Add chilled unsalted butter, cut into pieces, and toss to coat.
Work in butter with your fingers or a pastry blender until mixture resembles coarse crumbs.
Add heavy cream and stir with a fork until a shaggy dough forms and no dry bits of flour remain.
Chill 20 minutes. Do ahead: Dough can be made 2 days ahead. Cover tightly and keep chilled.
To Make the Filling & To Assemble:
Place a rack in middle of oven; preheat to 450°. (I set my oven to true convection.)
Heat oil in a 10″ cast-iron skillet over medium-high.
Pat the chicken with paper towels to dry. Season both sides with salt.
Arrange chicken thighs in pan in a single layer and cook, undisturbed, until golden brown underneath, 5–7 minutes. Turn over and cook until almost cooked through, about 4 minutes. (Chicken will finish cooking through in the oven.)
Transfer to a cutting board; let cool slightly, then cut into 1-inch pieces. Reserve any accumulated liquid.
Reduce heat to medium and melt butter in pan (no need to clean).
Add chopped onion, carrot, and salt; stir to coat.
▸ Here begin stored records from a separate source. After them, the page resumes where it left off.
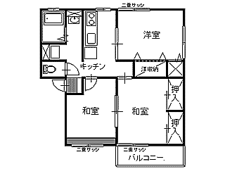 | 詳細間取 | 3K (和6帖×1、洋6帖×1、和5.5帖×1、キッチン4帖) | ||
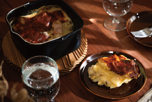 パスタの別ゆで不要。ボリューム感のあるパスタグラタンも、[インナーポット]を使って手軽に作れます。チーズをたっぷりちらしてグラタンに仕立て、最後に少し焦げ目をつけるのがポイント。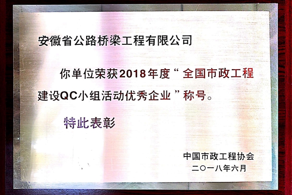 6月23日,2018年度全國(guó)市政工程建設(shè)優(yōu)秀QC小組成果發(fā)布及表彰會(huì)在昆明召開,由市政分公司組織選送的六項(xiàng)成果全部獲獎(jiǎng),公司榮獲2018年度“全國(guó)市政工程建設(shè)QC小組活動(dòng)優(yōu)秀企業(yè)”榮譽(yù)稱號(hào)。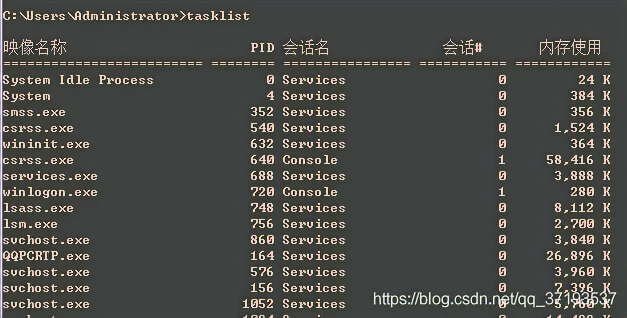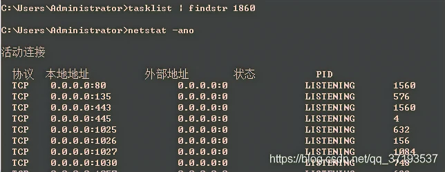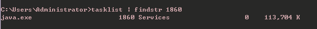 tasklist相当于展示出所有的启动的任务。如下。如果在上面步骤之后,我们得到的PID为1860,那么我们就可以输入命令【tasklist|findstr 1860】,在第一行显示的名字就是程序名,这样我们就明白是那个程序占用的端口。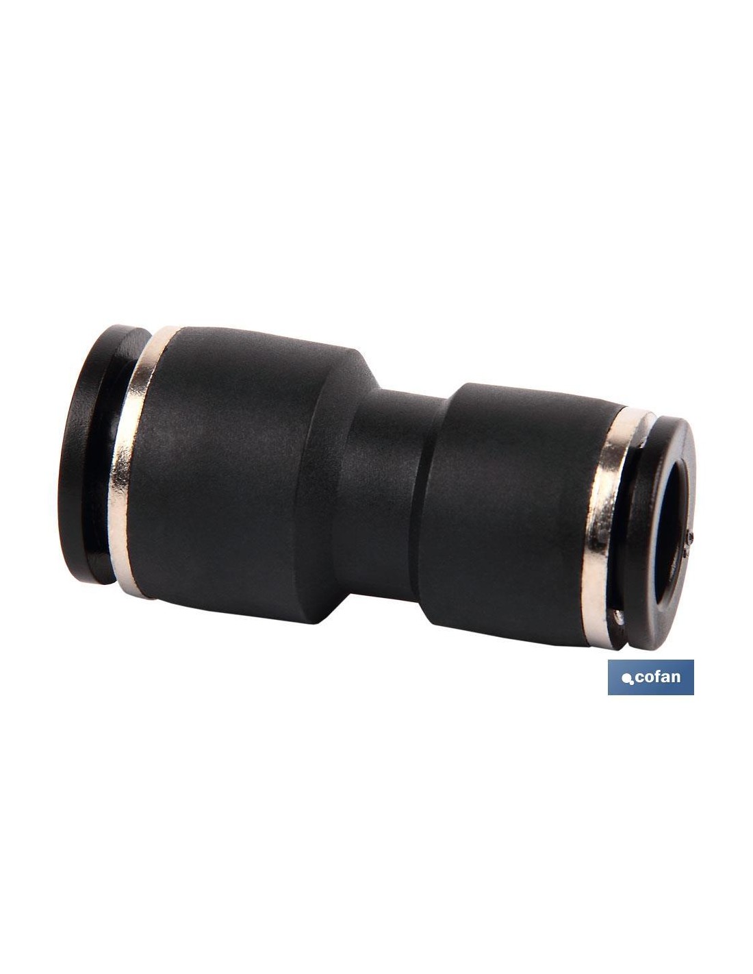 Racores enchufe rápido de reducción, totalmente en plastico, recuperables de conexión instantánea para tubos desde 4mm hasta 12mm de exterior. Adecuados para instalaciones de aire comprimido. Fácil visión del calibre de la tubería. Total seguridad y estanqueidad, incluso en condiciones límite.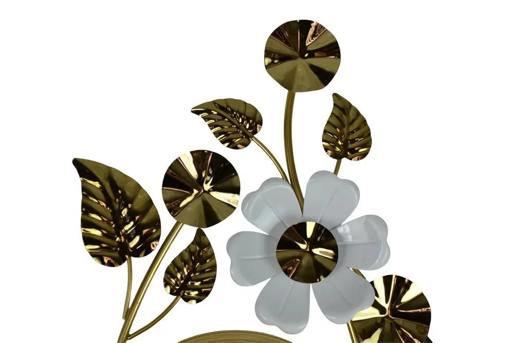 22" Gold And White Metal Silent Analog Floral Novelty Wall Clock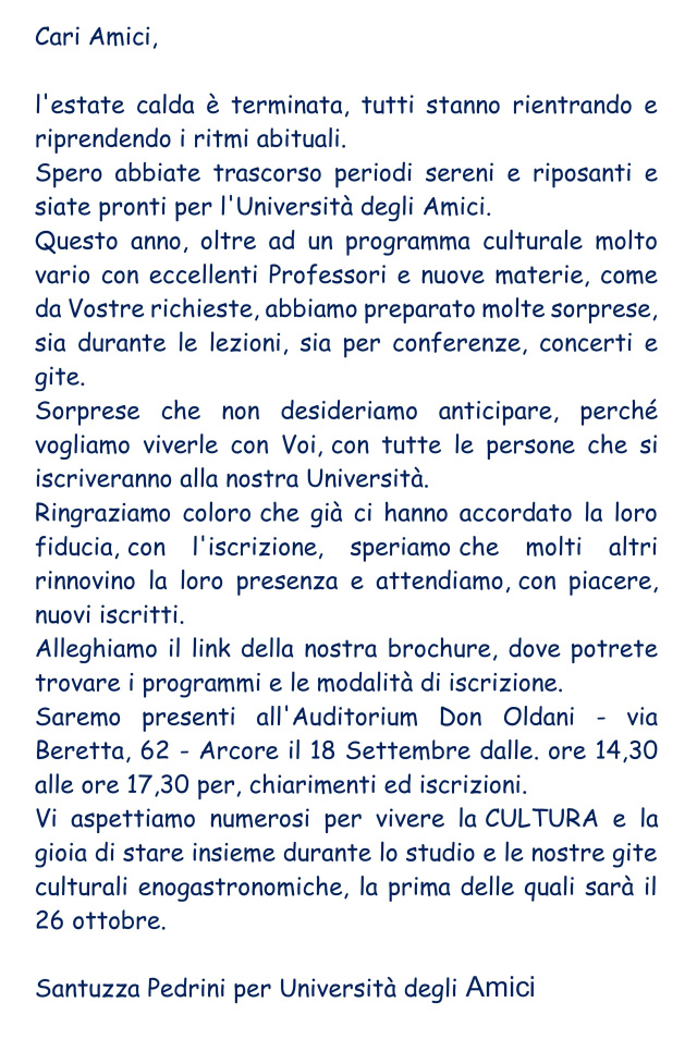 di imparare degli allievi è il nutrimento di chi insegna: perché lo costringeamorevolmente ad approfondire, a programmare, a non essere ripetitivo,a non accontentarsi. Questa Università è stata creata dagli allievi e senza di essi sarebbe solo unbel sogno. La forza, la tenacia, la curiosità e il coraggio degli allievi hapermesso all’Università degli Amici di restare in vita, e anche di crescereulteriormente. L’amore di un allievo è la più grande prova di affetto che unmaestro possa pensare di ricevere. Buon anno di curiosità a tutte e tutti”.

Cook, stirring often, until onion is translucent, about 3 minutes.
Add chopped potato, celery, garlic, thyme, pepper, and remaining tablespoon of unsalted butter. Cook, stirring, 1 minute.
Add flour and stir to coat vegetables. Cook, stirring often, until flour coating is golden and nutty-smelling, about 3 minutes.
Add white wine, scraping up any browned bits from bottom of pan. Bring to a boil and cook until wine is reduced by half, about 1 minute.
Add chicken stock or water and bring to a simmer. Reduce heat to low, cover pan, and cook until mixture is thickened a bit, about 4 to 6 minutes.
Uncover pan and stir chicken and any accumulated juices, coarsely chopped celery leaves (if using), heavy cream, and peas into filling.
Taste and season with more kosher salt if needed.
Scatter pieces of dough over filling. Brush with cream and season with pepper and flaky sea salt.
Place skillet on a parchment paper-lined rimmed baking sheet to catch any drips and transfer to oven.
Bake until biscuits are golden brown and filling is bubbling, 20 to 30 minutes.
Let cool slightly before serving. Garnish with parsley, if desired.